In 2010, San Francisco supervisors approved similar legislation that would have expanded rent control to homes built after 1979. But supervisors were one vote shy of a veto-proof approval and Newsom, then San Francisco mayor, killed it.

“Would it have prevented or slowed the gentrification or displacement were seeing? Maybe,” says Cynthia Fong, an organizer with the Housing Rights Committee of San Francisco focused on the Richmond District. “Now there is a way for renters who can access a lawyer, affirmatively, to fight rent increases that might be above local or state laws.”

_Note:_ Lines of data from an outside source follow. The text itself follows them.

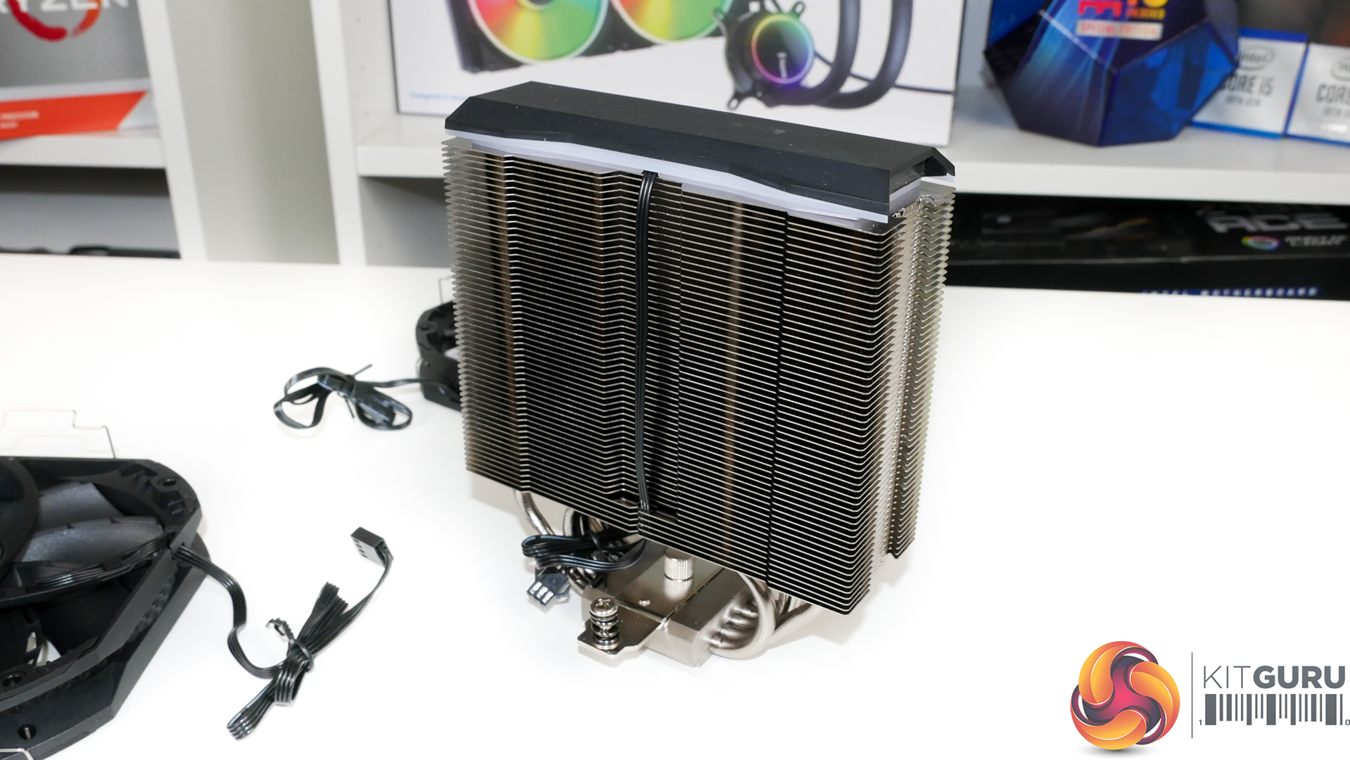 A strip of A-RGB LED lighting is mounted around the black plastic shroud atop the fin stack. The LED lighting is controlled via the usual motherboard methods or via a bundled in-line controller. Worth noting is that the shroud marks quickly, as shown by our remnant grey thermal paste that cannot be cleaned off easily.
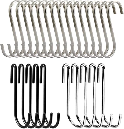 - 25 Pcs S Shaped Hooks For Hanging Plants Closet Rod Kitchen Pot Pan Afunta Heavy Duty Metal Hanger Organizer Utility Hooks For Keys Cups Towels Bags Garden Outdoor 2 Types Black Silver
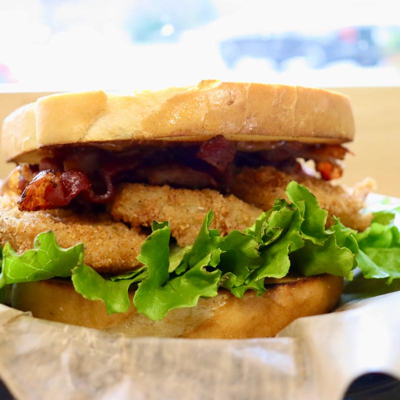 Fried green tomato, bacon, lettuce, garlic aioli, grilled sourdough.
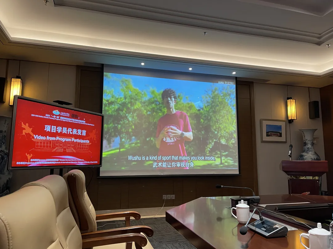 为使学员更快融入课程,现场一同观看了上海体育学院宣传片和2019年带路武术项目纪录片。来自西班牙、墨西哥、罗马尼亚的三位学员分享了其对武术和中国文化的心得。来自西班牙的威尔说道,武术是他的第二生命,占据了他生活中的一大部分,但武术给他带来的不仅仅是身体上的健壮,武术也能锻炼他的内在修养,让他始终学会审视自身,不断超越自我,勇攀高峰。三位学员纷纷表达,他们领悟到的武术精髓是内心世界的强大,这种精神或许就是一代代武术家们传承品质的最佳体会。
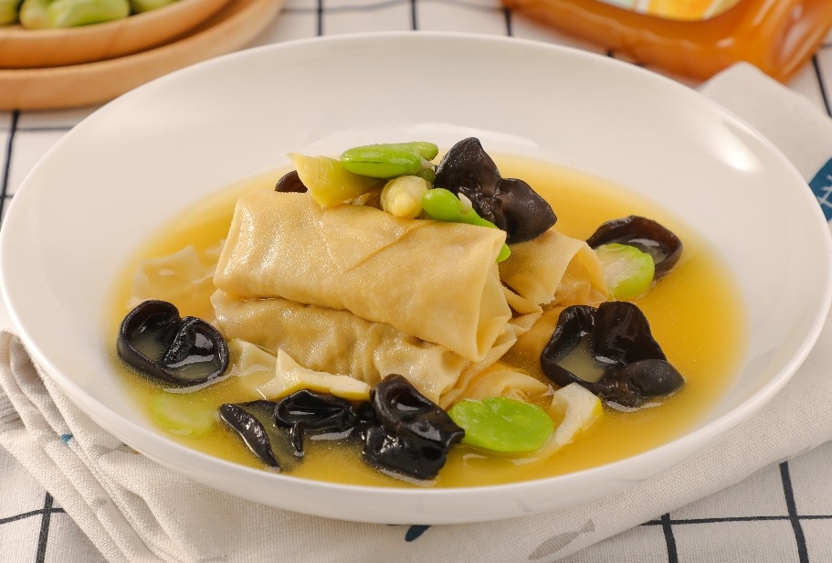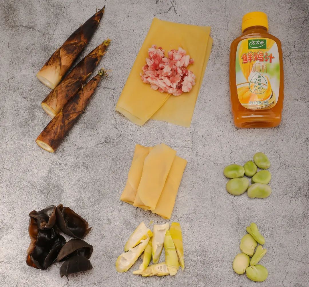 猪肉糜100克、薄百叶2张、蚕豆瓣30克(蚕豆去皮)、春笋100克、黑木耳30克(泡发好)、蒜片3克、姜片3克、鲜鸡汁调味料25克、调和油10克
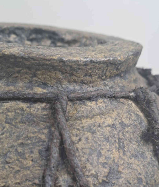Bereits vergebenVintage Pappmaché Vase mit Seildetail aus Indien
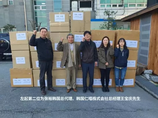 “中国加油!”来自韩国仁唱株式会社的王宝庆先生,将首批12000个口罩紧急空运,和他的祝福一起回到国内。王宝庆先生祖籍烟台养马岛,是张裕公司的韩国总代理,得知祖国疫情后心急如焚,不顾刚出院的身体,七十多岁还亲自四处奔波,在韩国各地紧急采购防疫物资,并无偿捐献回国。
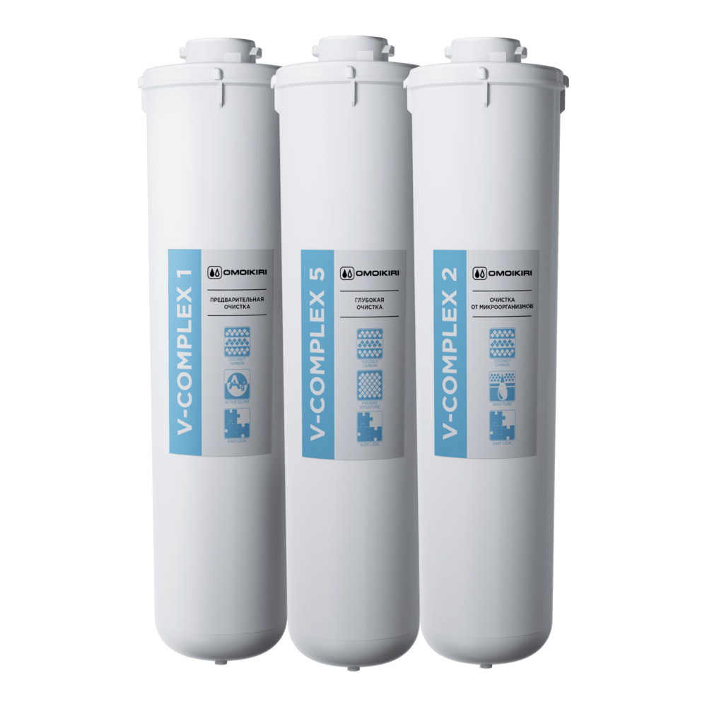 V-Complex 1. Предварительная сорбционная очистка. Карбонблок с ионами серебра в нити Vivalon. Тонкость очистки – 5 мкм.

Nearly a decade later as California governor, Newsom approved similar, though what some called watered down, statewide eviction protections and anti-rent gouging in the form of Assembly Bill 1482 authored by San Francisco’s Assemblymember David Chiu. It protects tenants who fall outside just cause evictions, which accounts for behavior like nonpayment, breaches in the lease, and criminal activity.

AB 1482, however, does not account for buildings established after 2004 nor cover tenants living in eligible buildings for less than a year. Haney’s closes those loopholes in San Francisco and brings the changes under the jurisdiction of the local Rent Board, an entity many cities don’t have.

The proposed 2018 repeal of Costa Hawkins, a state law that locked San Francisco into that 1979 limitation, would have paved the way to also expand rent control limitations but was crushed at the ballot box. Further, enforcement of these protections, barriers to tenant counsel, and vacancy control still loom large among tenant advocates like Fong. Several public commenters at Monday’s meeting called the legislation an overdue, common-sense change.

“It starts this series of events that’s catastrophic for some people,” said Jennifer Freidenbach, Coalition on Homelessness director, about the challenge of recovering from an eviction. “We have to go upstream and take these measures if we want to address homelessness.”

Haney noted that Newsom’s change in attitude and AB 1482 shows the extent of the problem and progress made by tenant groups at the state level. Lack of opposition during the Rules Committee hearing and unanimous vote to move to the full Board also marked a significant shift for Ronen, who worked as a legislative aide to predecessor David Campos.

“I’ve been involved in countless amounts of tenant legislation and it’s never felt this easy before,” Ronen said at Monday’s meeting, commending continued work of tenant rights advocates. “What a difference a board makes, right?”